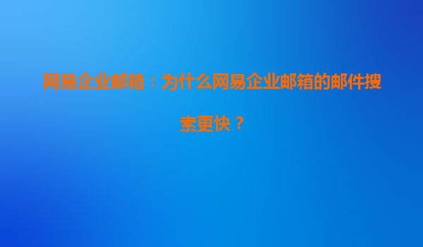 2025-08-03网易企业邮箱:为什么网易企业邮箱的邮件搜索更快? 一、高效搜索的核心:技术架构与算法优化 网易企业邮箱的邮件搜索速度远超同类产品,其核心在于底层技术架构的优化和智能算法的应用。首先,网易采...
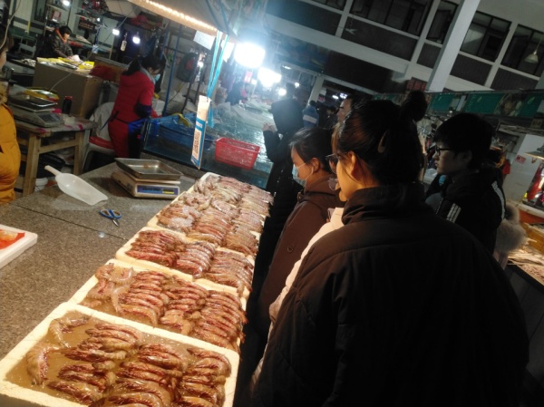 19日的第一站是吕四盈港海鲜市场,海洋的味道让同学们一下子兴奋起来。在三位老师的带领下,同学们和鱼虾贝藻等经济水产品零距离接触,那些只在书本上听过、看过的名字突然浮现在眼前,让同学们在激动之余收获良多。下一站是六大国家级中心渔港之一的吕四渔港,在这里同学们偶遇满载归港的渔船,体会到了渔民丰收的喜悦。随后,在江苏海洋水产研究所的吕四基地,同学们参观了养殖车间,并在张志伟主任的解说下,进一步学习了鱼类、贝类经济品种的繁育技术,大大增加了同学们对水产品养殖培育的兴趣。
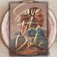 Moderne "Save the Date" Ankündigung mit vollbluttem Foto vorne mit Terrakotta-transluzenter Overlay und echter Folientypografie. Passen Sie sich mit Ihren eigenen, einzigartigen Informationen an.
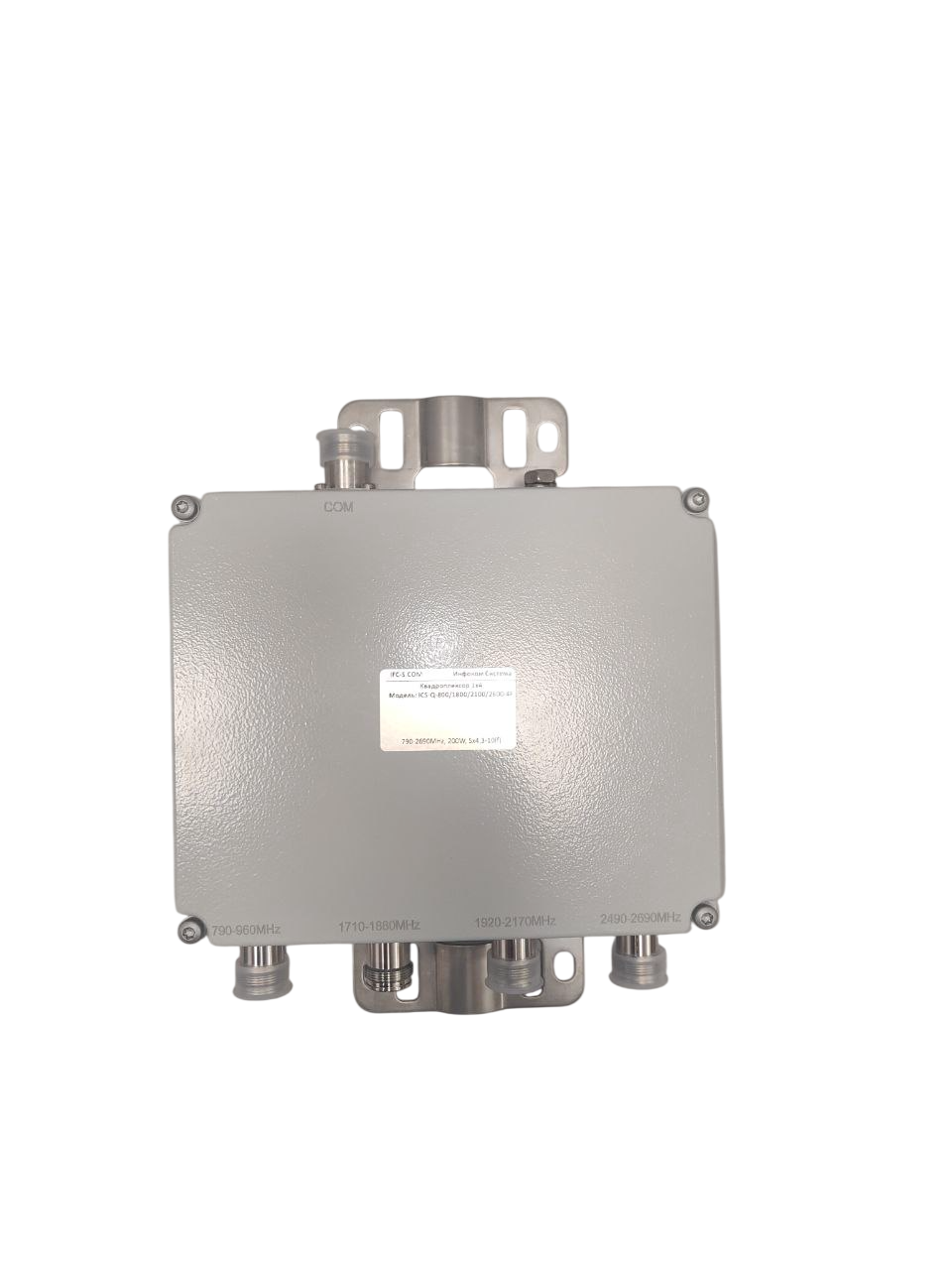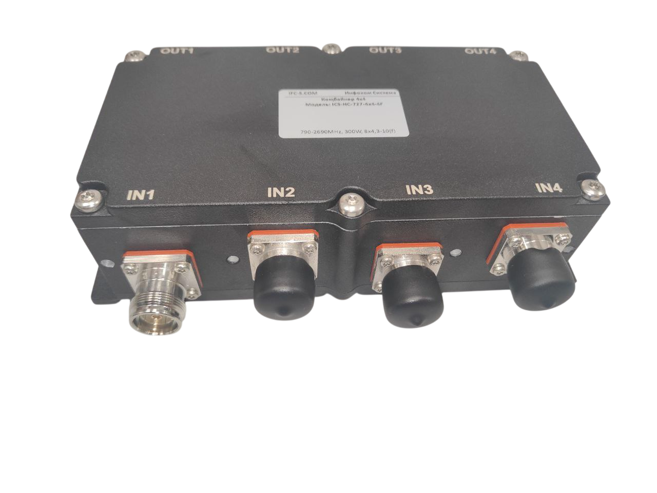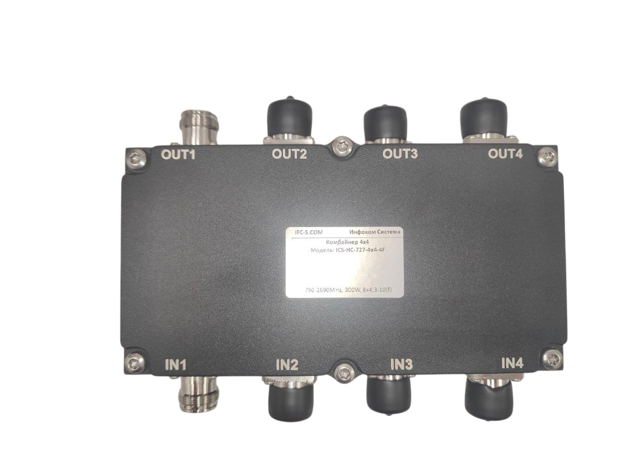 Комбайнер гибридный широкополосный (Комбайнер 4x4). Предназначен для приема сигнала от разных источников и распределения его с одинаковыми параметрами в 4 тракта. Диапазон рабочих частот сигналов 790-2690МГц, вносимое затухание < 7.1дБ. Разъемы 8х4.3/10-Female

__DIRECTIONS__
Restate, line by line and word for word, everything from the top of the material through the line that contains "einzigartigen Informationen an.". Leave pictures out.

__TASK SOLUTION__
 2025-08-03网易企业邮箱:为什么网易企业邮箱的邮件搜索更快? 一、高效搜索的核心:技术架构与算法优化 网易企业邮箱的邮件搜索速度远超同类产品,其核心在于底层技术架构的优化和智能算法的应用。首先,网易采...
 19日的第一站是吕四盈港海鲜市场,海洋的味道让同学们一下子兴奋起来。在三位老师的带领下,同学们和鱼虾贝藻等经济水产品零距离接触,那些只在书本上听过、看过的名字突然浮现在眼前,让同学们在激动之余收获良多。下一站是六大国家级中心渔港之一的吕四渔港,在这里同学们偶遇满载归港的渔船,体会到了渔民丰收的喜悦。随后,在江苏海洋水产研究所的吕四基地,同学们参观了养殖车间,并在张志伟主任的解说下,进一步学习了鱼类、贝类经济品种的繁育技术,大大增加了同学们对水产品养殖培育的兴趣。
 Moderne "Save the Date" Ankündigung mit vollbluttem Foto vorne mit Terrakotta-transluzenter Overlay und echter Folientypografie. Passen Sie sich mit Ihren eigenen, einzigartigen Informationen an.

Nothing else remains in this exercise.